■ Recorded information ■
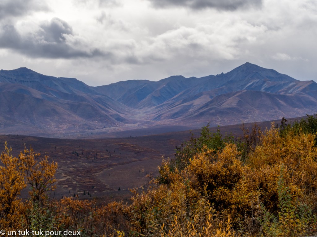 Deuxième journée au Denali. Très déçus de n’avoir pas pu randonner la veille et qu’il n’y a pas vraiment de sentiers balisés de plusieurs kilomètres dans le parc, mis à part ceux qui ne sont pas accessibles au Eilson Visitor Center; et vu le grand nombre d’ours aperçus la journée précédente, nous avons un peu manqué de courage pour faire du hors-piste. Nous nous sommes donc rendus au belvédère du Polychrome Overlook (km 72) en bus évidemment! Pour ensuite marcher une douzaine de kilomètres sur la route jusqu’à Toklat River, clochette à ours et Bear spay (très fortement recommandé dans les guides et par les rangers) à la portée de main dans la poche de côté du sac à dos. Cela nous a permis de mieux apprécier la beauté des paysages du parc sans face-à-face avec un ours ;-). Puis un retour en bus qui fut assez occupé par la vue de plusieurs animaux, dont encore quelques ours et des orignaux.
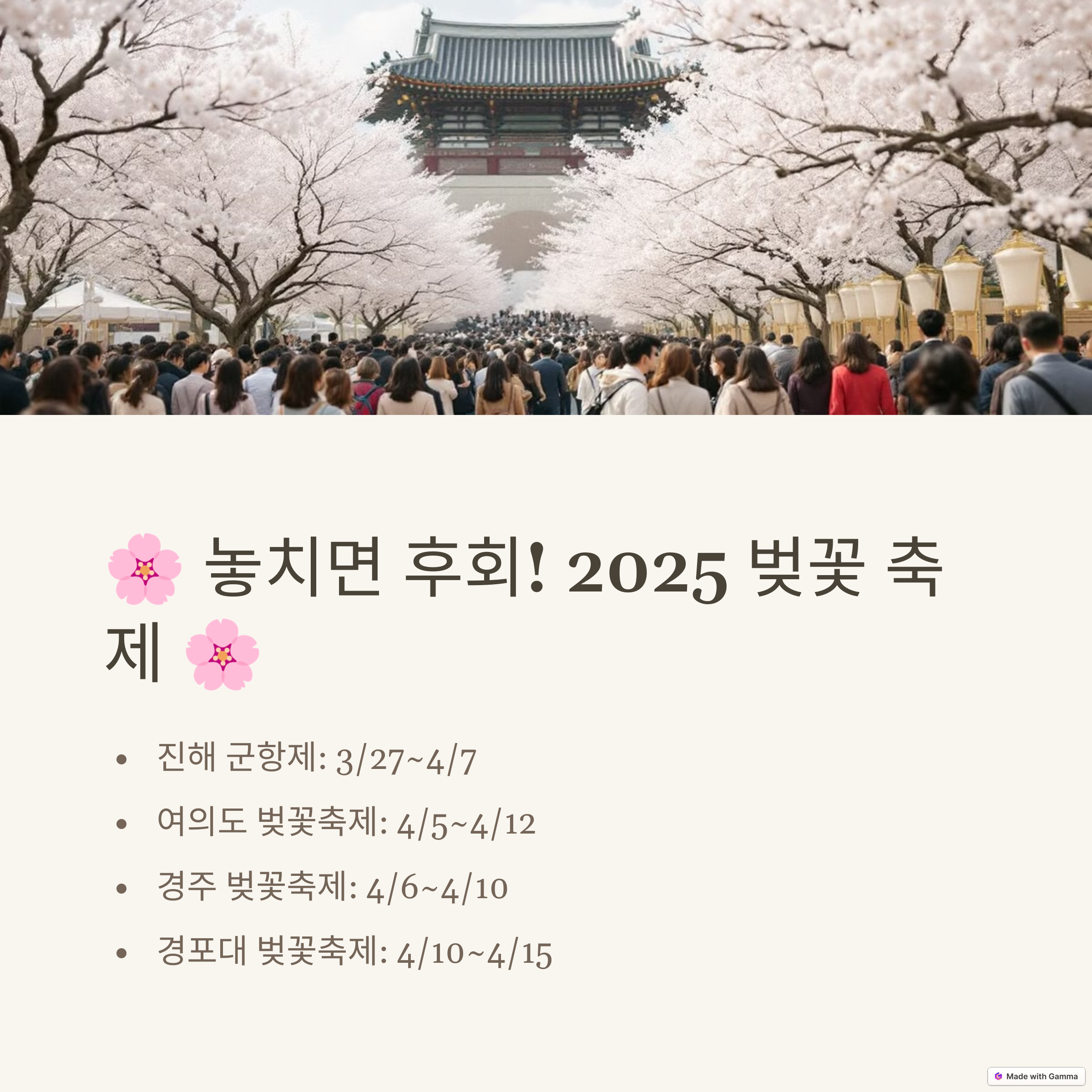태그:#벚꽃개화, #2025벚꽃, #벚꽃명소, #봄여행, #벚꽃축제, #여행추천
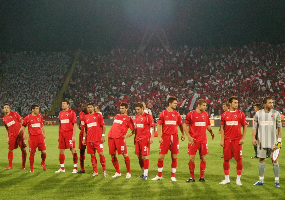 Dinamo Bucuresti saluta publicul la inceputul partidei.De la stanga la dreapta:Adrian Cristea,Andrei Margaritescu,Daniel Oprita,George Blay,Ionel Danciulescu,Adrian Ropotan,Cristian Pulhac,Florin Bratu,Valentin Nastase,Radu Stefan si Bogdan Lobont.
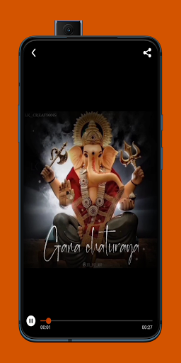 The application Lord Ganesha(Ganpati) Video Status contains Lord Ganesha Shlok, Ganpati Stuti, Ganesha Mantra, Ganesha Aarti video, Ganesha Video, Lord Ganesha Full Video Status & Ganpati HD Video Status.
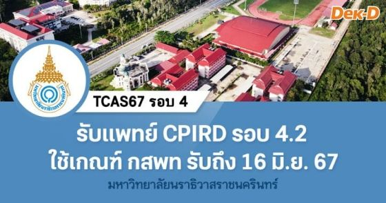 สวัสดีค่ะน้องๆ ล่าสุด มหาวิทยาลัยนราธิวาสราชนครินทร์ ยังเปิดรับสมัคร TCAS รอบ 4 รับตรงอิสระ เพิ่มเติมอีก 1 คณะ ได้แก่ คณะแพทยศาสตร์ โดยจะเปิดรับในโครงการผลิตแพทย์เพิ่มเพื่อชาวชนบท หรือแพทย์ CPIRD ระหว่างวันที่ 14 - 16 มิถุนายน 2567
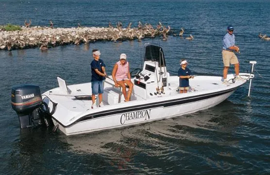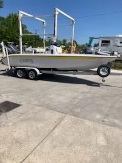 INCLUDES 80# TROLL MOTOR, POWER POLE, LOWRANCE 9", YAMAHA 200 OX 66 YWO STROKE, TRAILER WITH SPARE, HULL IN GOOG SHAPE, YELLOW STRIPE The 22 Bay Champ is capable of handling rough waters while keeping bait alive and fresh using a unique, hi-speed, 23-gallon baitwell resurrecting system. A port-side front rod locker (capable of storing 7.5 foot rods) and starboard front locker make this boat both versatile and durable.
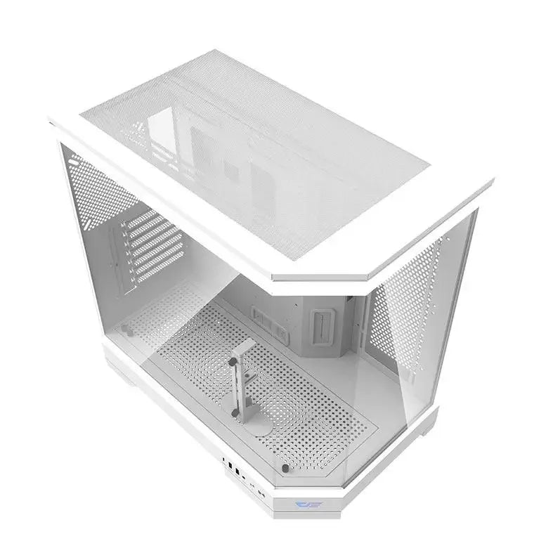 O Gabinete Gamer Darkflash DQX90 é o aliado perfeito para quem deseja montar um setup imponente e altamente funcional. Com suas quatro ventoinhas inclusas e suporte completo para refrigeração líquida, ele é projetado para suportar hardware de alta performance enquanto mantém uma estética clean e moderna, destacada pela lateral de vidro temperado e sua estrutura em branco. Além disso, oferece um amplo espaço interno, facilitando a organização dos componentes.
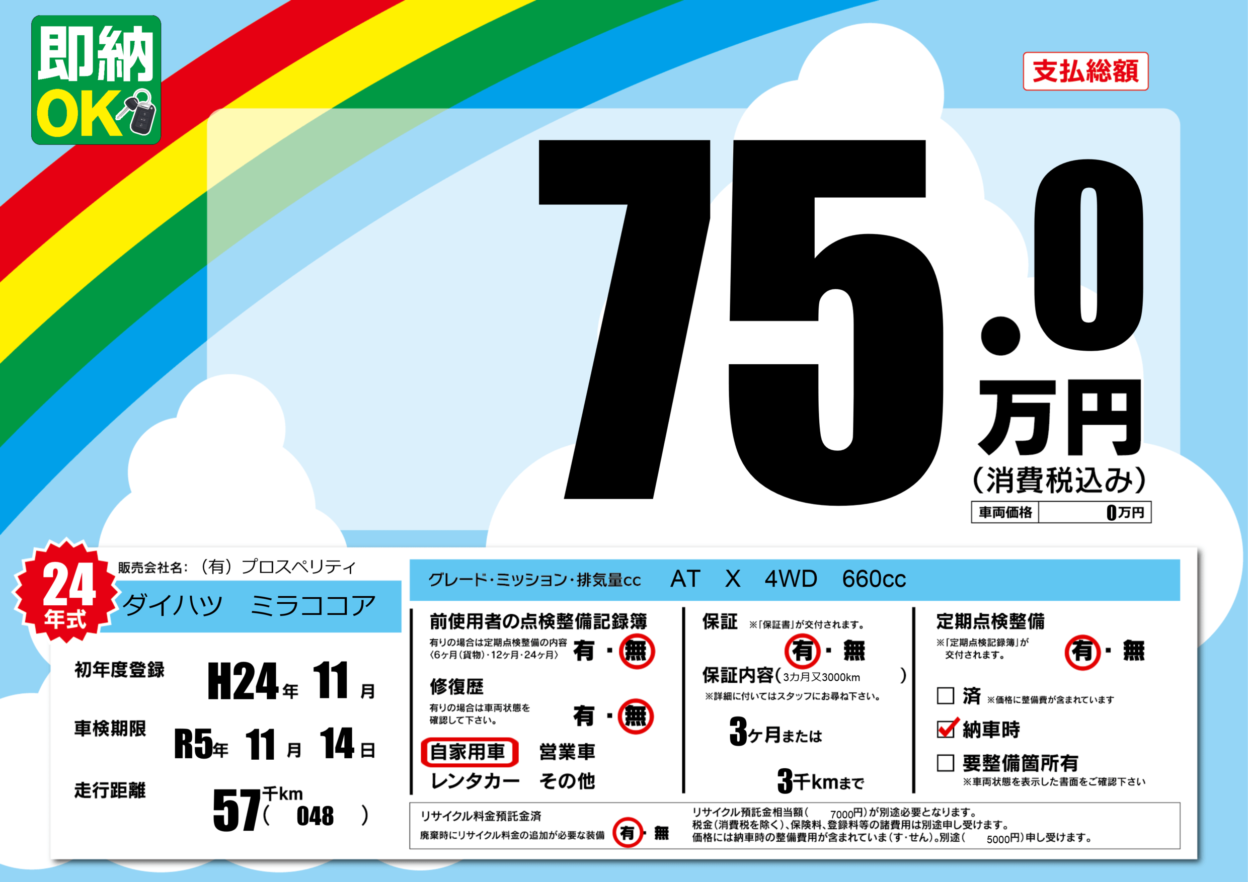 | 車名 | ダイハツ ミラココア | グレード ミッション 排気量 |

■ What is needed ■
No pictures should appear in the answer, which is to be the lines from the line with "Dinamo Bucuresti saluta" through the end of the records above, restated exactly.

■ Exercise answer ■
 Dinamo Bucuresti saluta publicul la inceputul partidei.De la stanga la dreapta:Adrian Cristea,Andrei Margaritescu,Daniel Oprita,George Blay,Ionel Danciulescu,Adrian Ropotan,Cristian Pulhac,Florin Bratu,Valentin Nastase,Radu Stefan si Bogdan Lobont.
 The application Lord Ganesha(Ganpati) Video Status contains Lord Ganesha Shlok, Ganpati Stuti, Ganesha Mantra, Ganesha Aarti video, Ganesha Video, Lord Ganesha Full Video Status & Ganpati HD Video Status.
 สวัสดีค่ะน้องๆ ล่าสุด มหาวิทยาลัยนราธิวาสราชนครินทร์ ยังเปิดรับสมัคร TCAS รอบ 4 รับตรงอิสระ เพิ่มเติมอีก 1 คณะ ได้แก่ คณะแพทยศาสตร์ โดยจะเปิดรับในโครงการผลิตแพทย์เพิ่มเพื่อชาวชนบท หรือแพทย์ CPIRD ระหว่างวันที่ 14 - 16 มิถุนายน 2567
 INCLUDES 80# TROLL MOTOR, POWER POLE, LOWRANCE 9", YAMAHA 200 OX 66 YWO STROKE, TRAILER WITH SPARE, HULL IN GOOG SHAPE, YELLOW STRIPE The 22 Bay Champ is capable of handling rough waters while keeping bait alive and fresh using a unique, hi-speed, 23-gallon baitwell resurrecting system. A port-side front rod locker (capable of storing 7.5 foot rods) and starboard front locker make this boat both versatile and durable.
 O Gabinete Gamer Darkflash DQX90 é o aliado perfeito para quem deseja montar um setup imponente e altamente funcional. Com suas quatro ventoinhas inclusas e suporte completo para refrigeração líquida, ele é projetado para suportar hardware de alta performance enquanto mantém uma estética clean e moderna, destacada pela lateral de vidro temperado e sua estrutura em branco. Além disso, oferece um amplo espaço interno, facilitando a organização dos componentes.
 | 車名 | ダイハツ ミラココア | グレード ミッション 排気量 |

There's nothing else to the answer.